The reason why the Society preferred dealing with case by case and distrusted the policy of relief work or wholesale charity, see [355].
1895Revival
"During this period large districts in London were completely demoralised. ... Exploited and harassed by socialist agitation, [the unemployed] would accept work only on theri own conditions amd practised an attitude of terrorism towards the authorities and towards the more respectable of their own number that made it impossible to carry on relief-works with even a semblance of discipline and industry" [349].
1896Slow revival:
Report of the Special Committee of the House of Commons on Distress from Want of Employment: "... an unemployment man should not be disfranchised for receiving relief provided it was for less than one month in a year..."[M 137].
1897Prosperity
1898Prosperity
1899Great Prosperity
1900Culmination of prosperity
1901Slow ebb
1902Slow ebb:
From this time on it began to be realised more fully how large a part was played by the "unemployable", and preventive measures began to be discussed.
1903Depression:
Problem of the unemployable: See Annual Report for 1902-1903 [359-360].

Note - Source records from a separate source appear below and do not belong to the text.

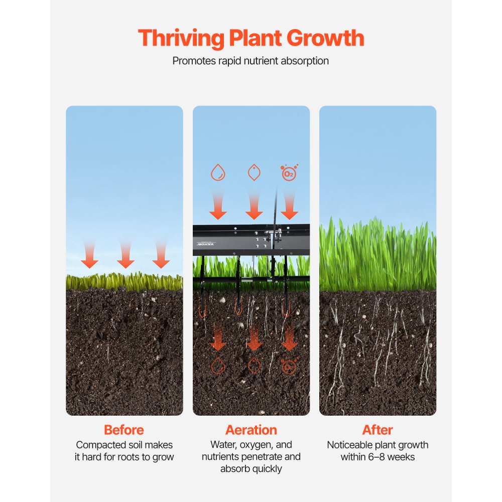 Podporuje růst rostlin: Tento provzdušňovač s vlečnou zátkou zlepšuje strukturu půdy vytvářením otvorů, které rostlinám dodávají více vody a kyslíku, čímž zabraňuje žloutnutí nebo hnilobě způsobené nedostatkem kyslíku a vody. Během 6-8 týdnů uvidíte znatelný růst vašich rostlin.
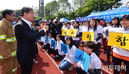 박원순 서울시장이 20일 오후 서울 송파구 잠실종합운동장 보조경기장에서 열린 서울시 의용소방대 ‘2013년 종합소방기술경연대회’에 참석해 소방관 및 의용소방대원들을 격려하고 있다. 방인권 기자 bink7119@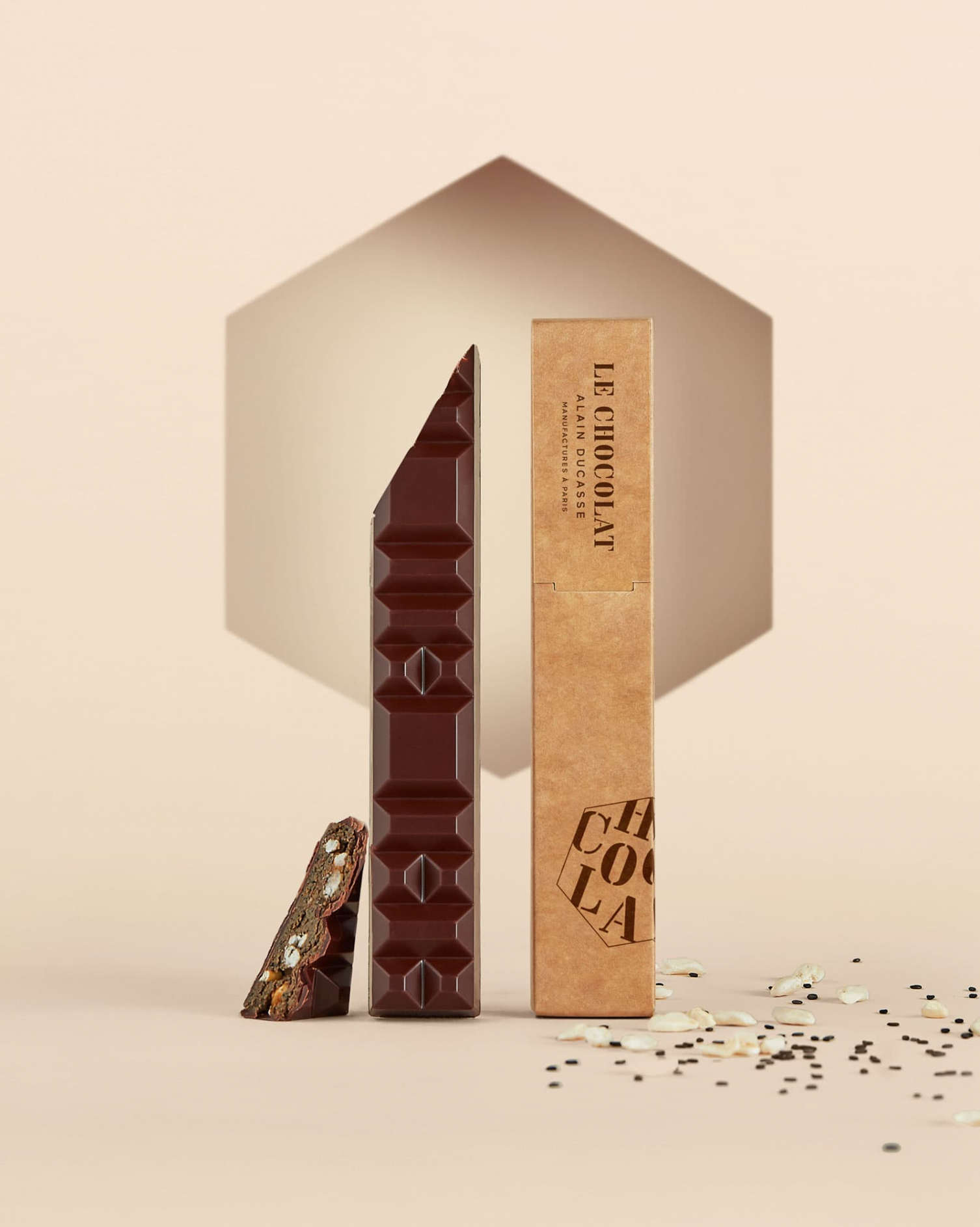 Elle cache en son cœur un praliné sésame noir et amande, du riz soufflé pour le croustillant, le tout enrobé de chocolat noir.

Proposal of labour colonies by Mansion House: Since 1887 several colonies had been started: Hadleigh, Shenstone, and Osea Island; they are utilised in the winter 1903-1904. The condition was that heads of families should be employed in the country without returning home for a fortnight, and that while they were away relief should be given to their families.
1904Distress:
"The Relief of Distress due to want of Employment" issued by a Special Committee of the Society: proposed the formation of joint committees, which refer better class men to a central body undertaking to provide employment relief, and lower class men should be referred to the Guardians. "...there should be an official enquiry into the growth of pauperism...". This reccomendation "had been given effect to by the appointment of the Royal Commission".
Special Committee: "to inquire and report whether by modification of existing methods of engagemnent, contract, and remuneration, especially in the case of unskilled labour, industry may not be organised on some more stable and beneficial conditions than now prevail". On its recommendations, see [SW 367].
Change in Poor Law: "The Poor Law is converted practically into an enormously rich rate-endowed public charity onpen to all-commers. ... as the theory gains ground that want of work must be met through public authorities by the direct provision of employment, the Borough Council takes the place of the Poor Law as the centre for organising employment-relief'[M 156-157].
1905Revival:
The Unemployd Workmen Act: nine Distress Committees and a Central Body established: the Dostress Committees were to take application, make enquiries, and find work if they could; but the provision of work was to be by the Central Body. "the Act was an attempt to bring order into chaos". See [Note (Japanese)].